**Goal of the exercise**
What you give back should be exactly the lines from the one with "Natural Brazilian Apatite" through the final line of the material, pictures removed; please add nothing.
*** Opening of Exercise data ***
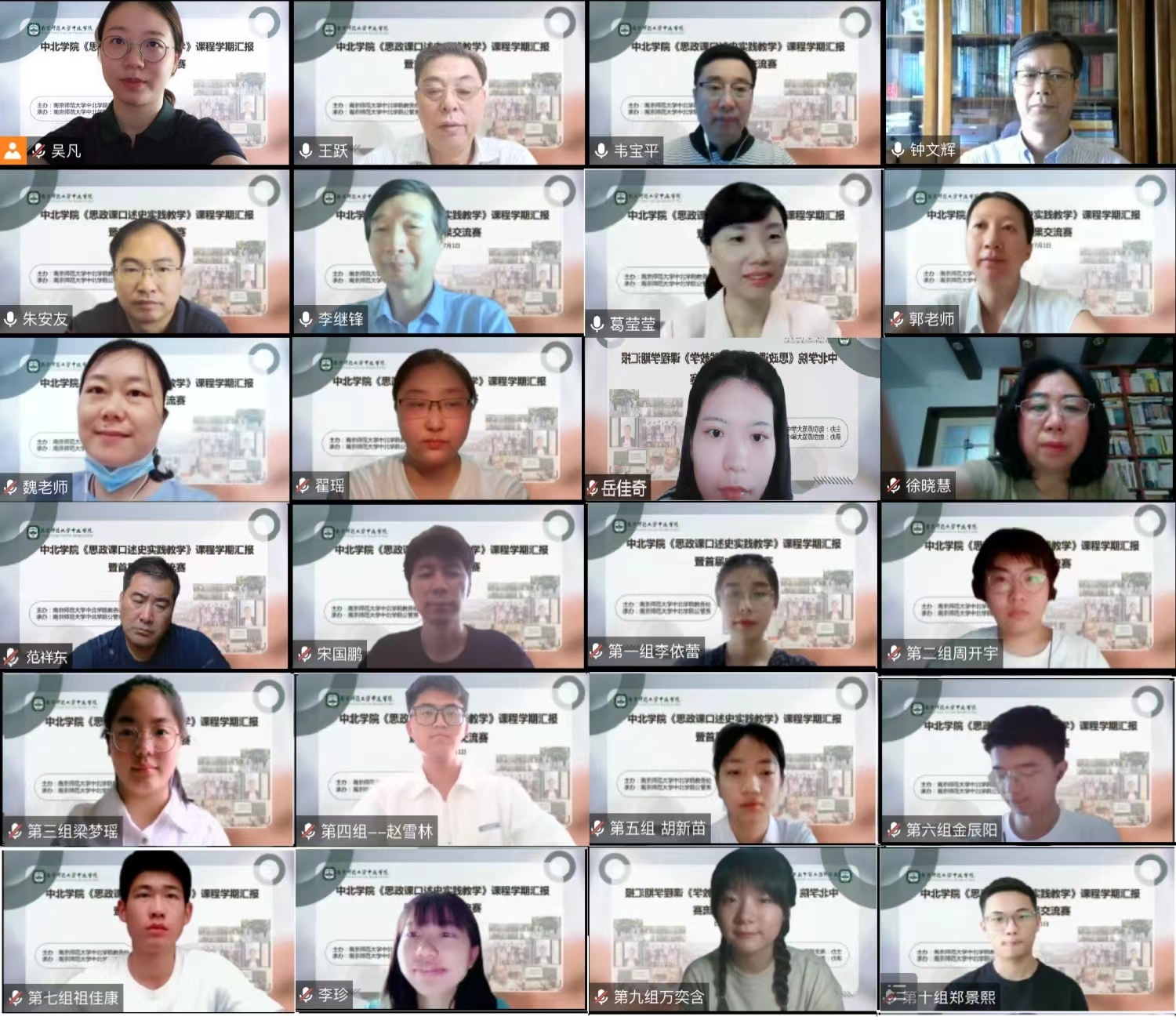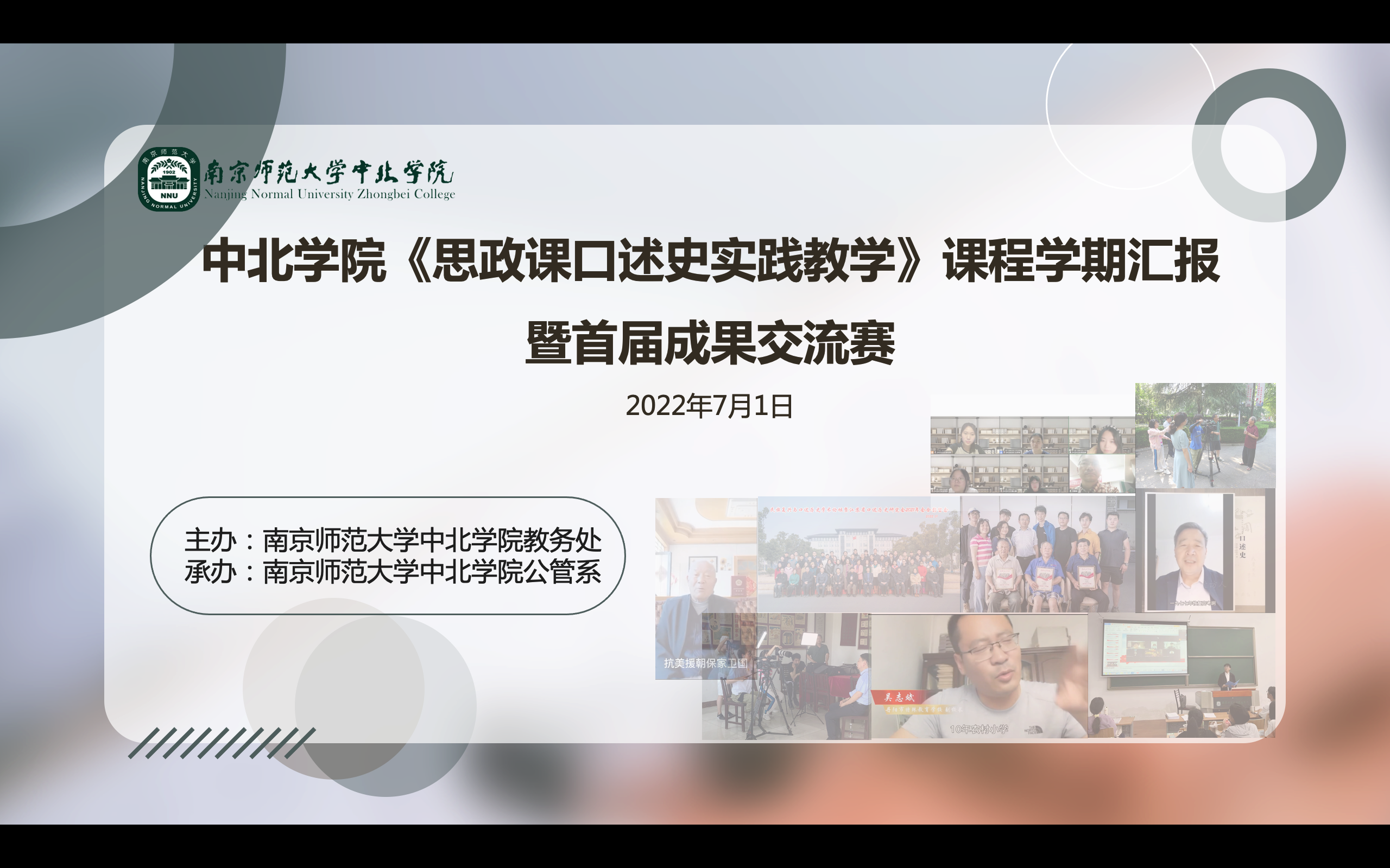 2022年7月1日上午,由ky.com教务处主办,公共管理系承办的中北学院《思政课口述史实践教学》课程学期汇报暨首届成果交流赛决赛在线上顺利举行。参加会议的专家评委有:南京师范大学马克思主义学院教授委员会主任、教育部高校思政课教指委委员王跃教授,江苏省口述历史研究会会长、省委党校党史党建教研部李继锋教授,中北学院副院长钟文辉教授、教务处处长朱安友和公共管理系主任韦宝平教授。会议由学院公共管理系副主任葛莹莹副教授主持。
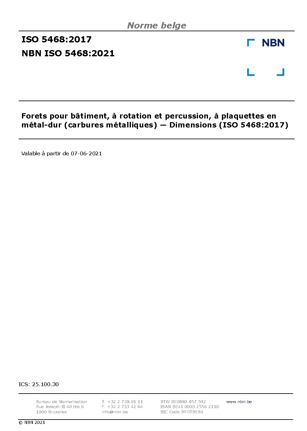 | Publisher | Bureau de Normalisation Belge (NBN) |
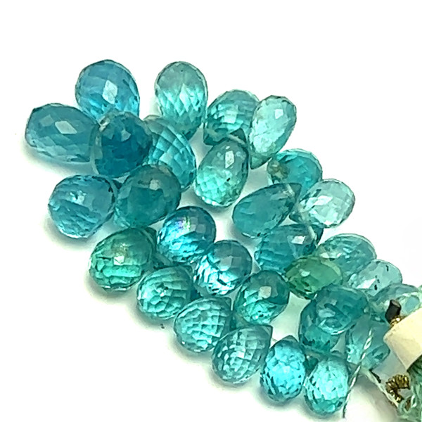 Natural Brazilian Apatite Briolette Beads | Faceted Drop 7x5, 8x6, 9x6, 10x7mm | 30 Pcs 58 Carats | Cyan Blue | VVS Clarity | December Birthstone for Jewelry Making
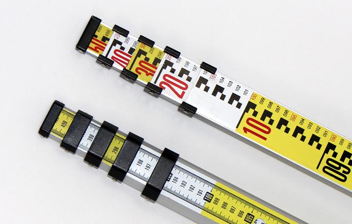 標尺又稱塔尺,通常情況下有正反面兩種讀數(shù),一面為精確讀數(shù),刻度精確到毫米,直接讀出就行,一般在距離比較近的狀態(tài)下使用!另
*** Close of Exercise data ***
**Written answer**
 Natural Brazilian Apatite Briolette Beads | Faceted Drop 7x5, 8x6, 9x6, 10x7mm | 30 Pcs 58 Carats | Cyan Blue | VVS Clarity | December Birthstone for Jewelry Making
 標尺又稱塔尺,通常情況下有正反面兩種讀數(shù),一面為精確讀數(shù),刻度精確到毫米,直接讀出就行,一般在距離比較近的狀態(tài)下使用!另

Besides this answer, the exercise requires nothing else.